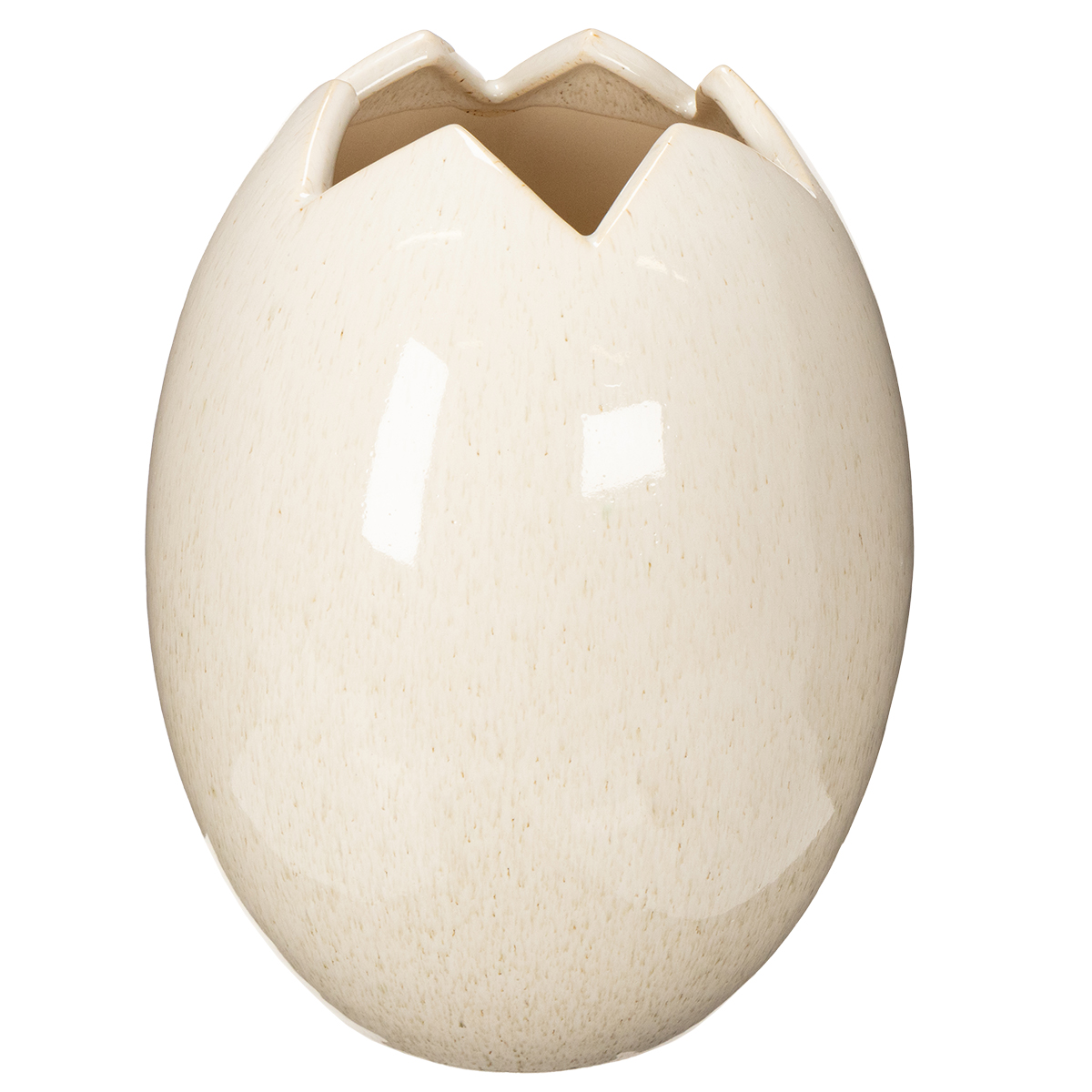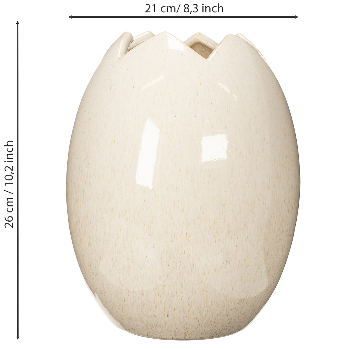 Die Dekovase in Ei Form vereint modernes Design mit vielseitiger Funktionalität. Mit ihren Maßen (Höhe 26 cm, Durchmesser 21 cm) und dem hochwertigen Material Keramik fügt sie sich nahtlos in unterschiedliche Wohnbereiche ein. Ihr schickes gesprenkeltes Weiß sorgt für eine zurückhaltende Eleganz, die nie aufdringlich wirkt. Besonders die gebrochene „Eierschalen“-Optik an der oberen Kante macht sie zu einem echten Hingucker.
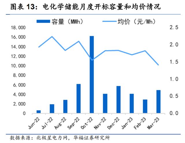 華福證券數(shù)據(jù)顯示,當月電化學儲能項目中標均價僅為1.41元/kWh,同比下降22.53%,其中儲能系統(tǒng)設備中標均價僅為1.23元/Wh。
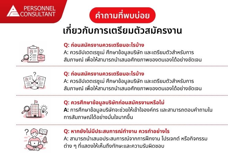 คำถามที่พบบ่อยเกี่ยวกับการเตรียมตัวสมัครงาน
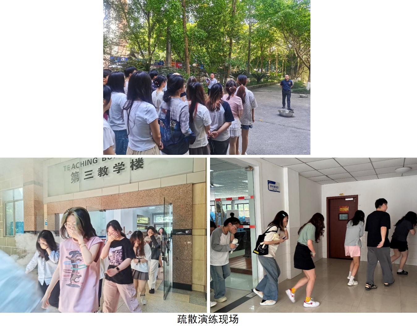 理论培训结束后,学院随即在荣昌和北碚组织开展了紧急疏散实战演练。演练在宋振辉副院长和教员的统一指令下启动。按照既定方案,荣昌参训师生迅速从指定地点进行疏散,北碚参训师生从动物医院报告厅有序疏散撤离。现场各楼层疏散员严格按照预案,指引师生沿最近的安全疏散通道快速、有序撤离至指定集合点。演练过程中,疏散引导人员全程维持秩序,明确指示疏散方向与路径,严格防止师生误入危险区域,坚决杜绝逆向奔跑、推搡、挤压等现象。
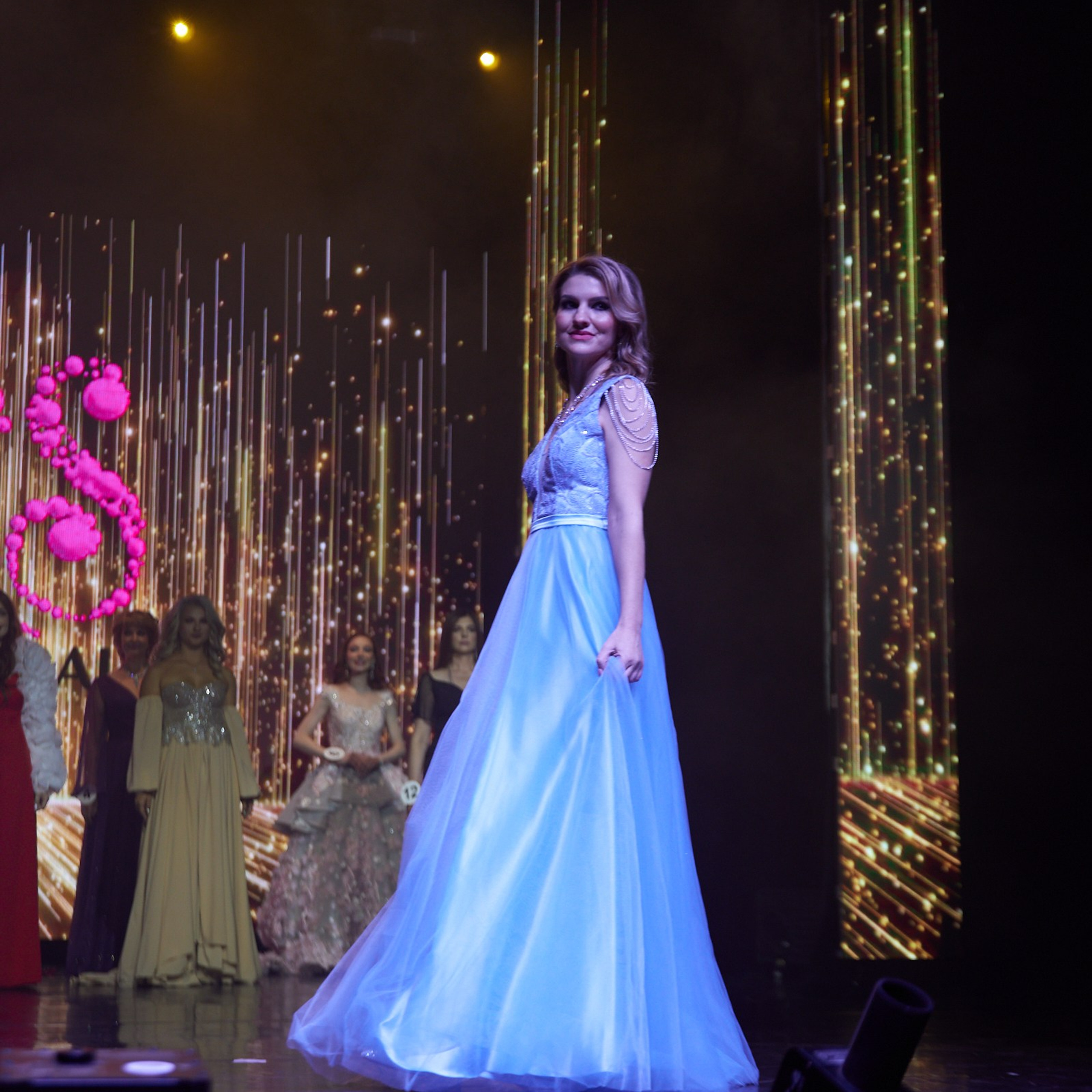 Задача, выбрать самую достойную, красивую и обаятельную. Участницы прошли несколько этапов, из которых показали все, на что способны. Это визитка, спортивный выход коммуникация, творческие номера и дефиле в дизайнерских платьях Евгении Арсентьевой.
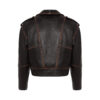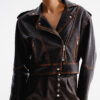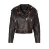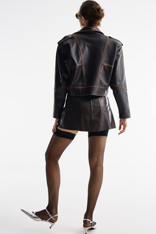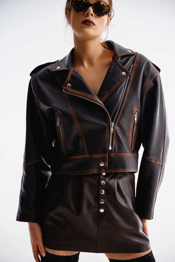 Skórzana kurtka typu ramoneska wykonana z naturalnej skóry owczej w kolorze ciemnego brązu z konturowaniem vintage.
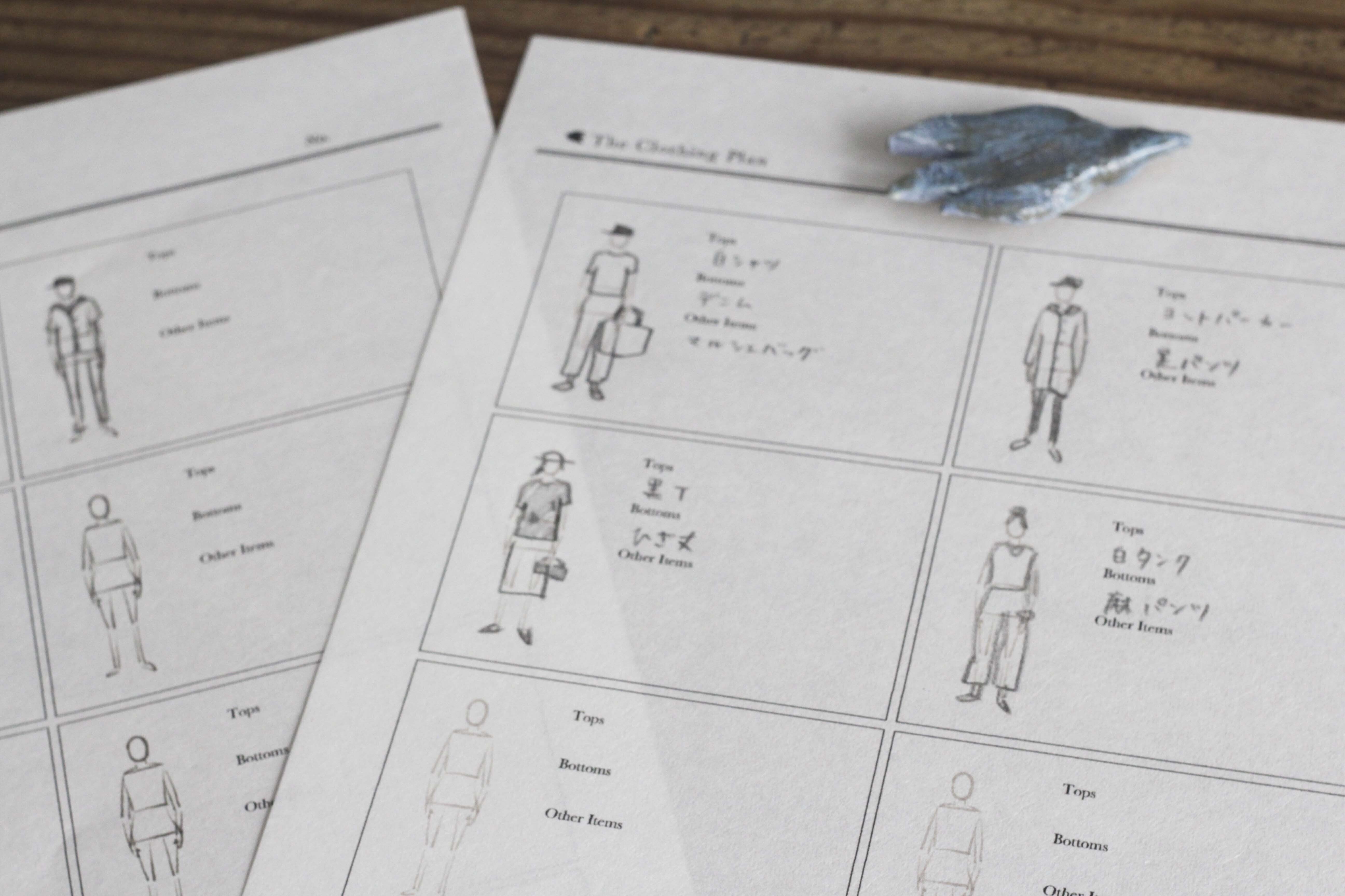 ・洋服のコーデをメモするワードローブシート

- What you are asked to do -
Copy, without the pictures, exactly the lines from the line with "Skórzana kurtka typu" through the end of the material above, both ends included.

- Task result -
 Skórzana kurtka typu ramoneska wykonana z naturalnej skóry owczej w kolorze ciemnego brązu z konturowaniem vintage.
 ・洋服のコーデをメモするワードローブシート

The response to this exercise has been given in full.